**Given records:**
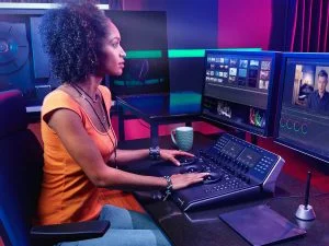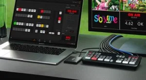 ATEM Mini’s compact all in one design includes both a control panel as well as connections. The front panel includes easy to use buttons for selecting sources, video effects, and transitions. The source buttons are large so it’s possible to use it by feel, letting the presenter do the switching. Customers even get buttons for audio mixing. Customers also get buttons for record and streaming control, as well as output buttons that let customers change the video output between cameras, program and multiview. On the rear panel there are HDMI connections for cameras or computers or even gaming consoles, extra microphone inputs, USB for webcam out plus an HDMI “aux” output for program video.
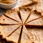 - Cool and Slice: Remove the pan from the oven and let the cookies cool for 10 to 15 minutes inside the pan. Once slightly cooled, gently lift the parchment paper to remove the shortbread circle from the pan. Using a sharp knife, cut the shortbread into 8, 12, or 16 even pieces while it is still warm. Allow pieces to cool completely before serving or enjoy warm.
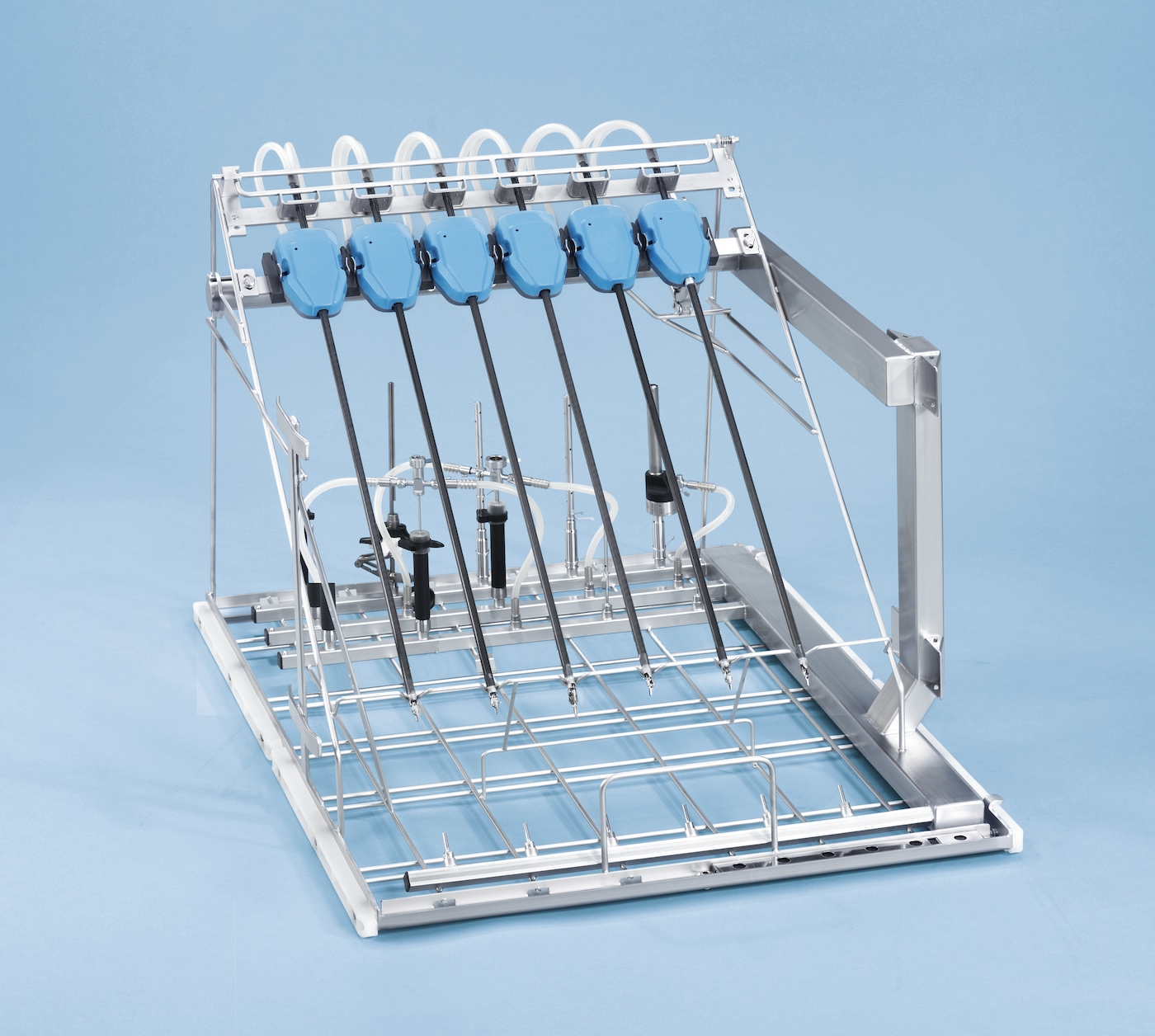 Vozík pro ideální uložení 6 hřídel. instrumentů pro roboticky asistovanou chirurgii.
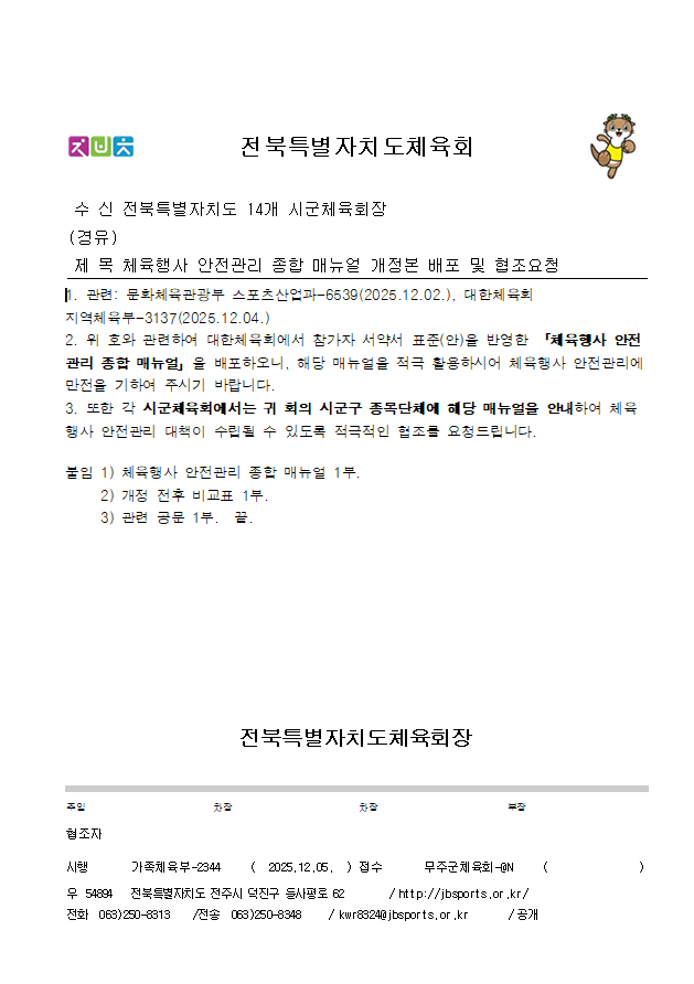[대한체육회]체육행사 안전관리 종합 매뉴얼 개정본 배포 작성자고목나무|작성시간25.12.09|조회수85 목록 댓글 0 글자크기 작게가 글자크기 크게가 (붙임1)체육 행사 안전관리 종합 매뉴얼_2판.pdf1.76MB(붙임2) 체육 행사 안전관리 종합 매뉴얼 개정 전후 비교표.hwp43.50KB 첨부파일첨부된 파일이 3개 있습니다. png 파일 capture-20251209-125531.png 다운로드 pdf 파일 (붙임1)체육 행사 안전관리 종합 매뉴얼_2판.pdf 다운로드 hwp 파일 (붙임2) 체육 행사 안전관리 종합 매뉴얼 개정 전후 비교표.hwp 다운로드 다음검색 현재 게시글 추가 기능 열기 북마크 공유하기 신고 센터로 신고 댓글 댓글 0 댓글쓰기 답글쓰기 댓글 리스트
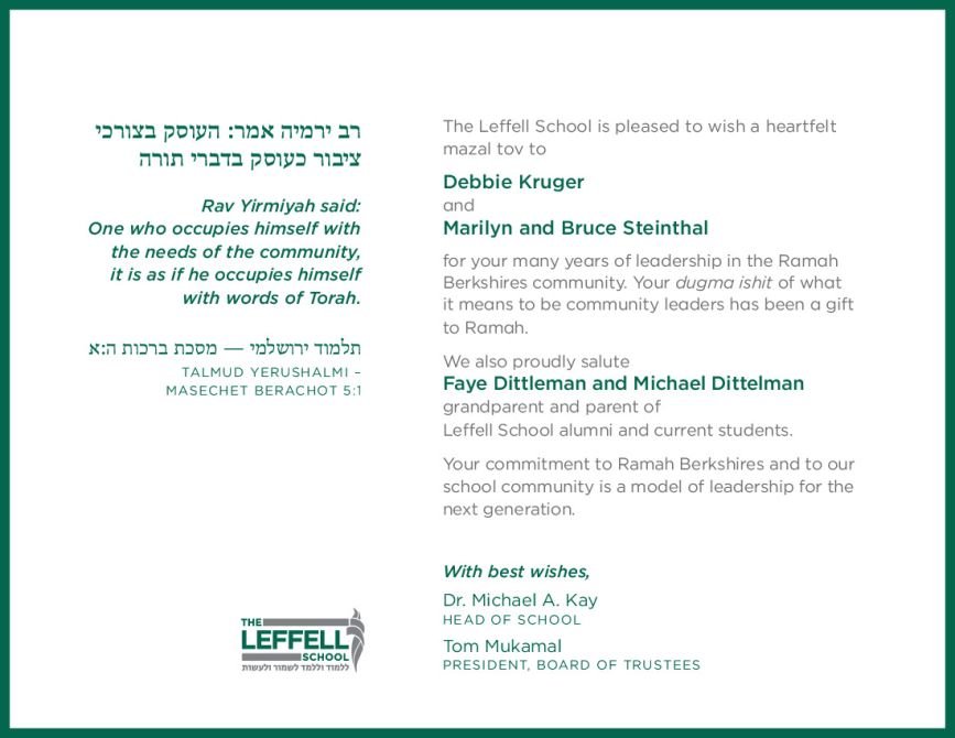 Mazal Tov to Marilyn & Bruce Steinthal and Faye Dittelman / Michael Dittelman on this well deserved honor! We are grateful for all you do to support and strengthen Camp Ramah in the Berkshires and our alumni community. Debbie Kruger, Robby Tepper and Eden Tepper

...

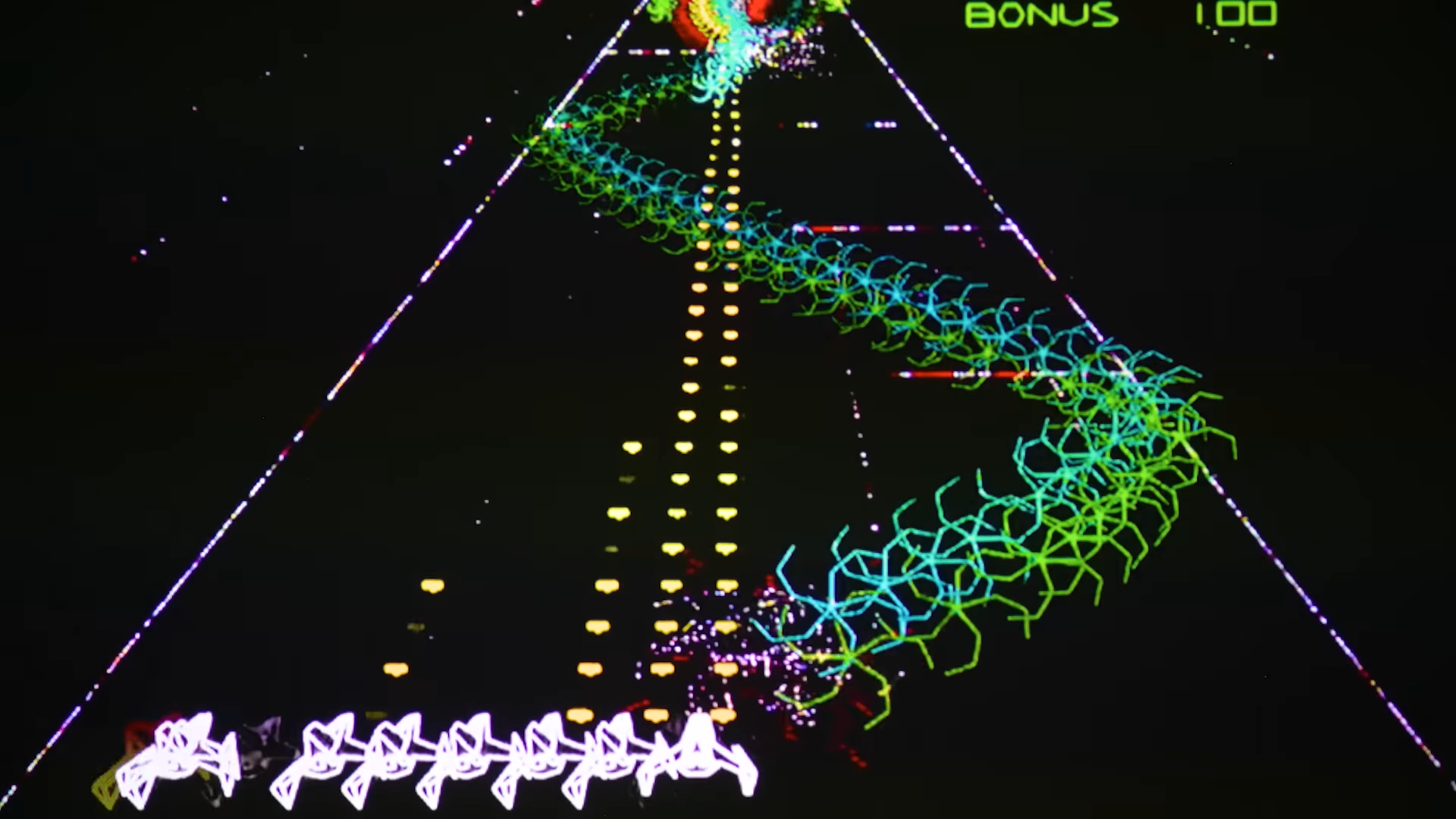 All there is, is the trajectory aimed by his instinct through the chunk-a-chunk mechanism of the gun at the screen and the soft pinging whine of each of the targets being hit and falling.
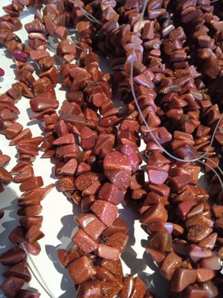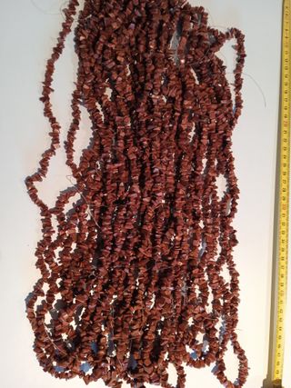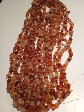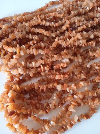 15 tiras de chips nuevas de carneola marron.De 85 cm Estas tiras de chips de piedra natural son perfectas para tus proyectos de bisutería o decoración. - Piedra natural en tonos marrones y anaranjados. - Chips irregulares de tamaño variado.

**Assigned task:** Copy word for word the lines above, starting at the line containing "ATEM Mini’s compact" and ending at the line containing "Vozík pro ideální", inclusive, with no pictures.

**Task result:**
 ATEM Mini’s compact all in one design includes both a control panel as well as connections. The front panel includes easy to use buttons for selecting sources, video effects, and transitions. The source buttons are large so it’s possible to use it by feel, letting the presenter do the switching. Customers even get buttons for audio mixing. Customers also get buttons for record and streaming control, as well as output buttons that let customers change the video output between cameras, program and multiview. On the rear panel there are HDMI connections for cameras or computers or even gaming consoles, extra microphone inputs, USB for webcam out plus an HDMI “aux” output for program video.
 - Cool and Slice: Remove the pan from the oven and let the cookies cool for 10 to 15 minutes inside the pan. Once slightly cooled, gently lift the parchment paper to remove the shortbread circle from the pan. Using a sharp knife, cut the shortbread into 8, 12, or 16 even pieces while it is still warm. Allow pieces to cool completely before serving or enjoy warm.
 Vozík pro ideální uložení 6 hřídel. instrumentů pro roboticky asistovanou chirurgii.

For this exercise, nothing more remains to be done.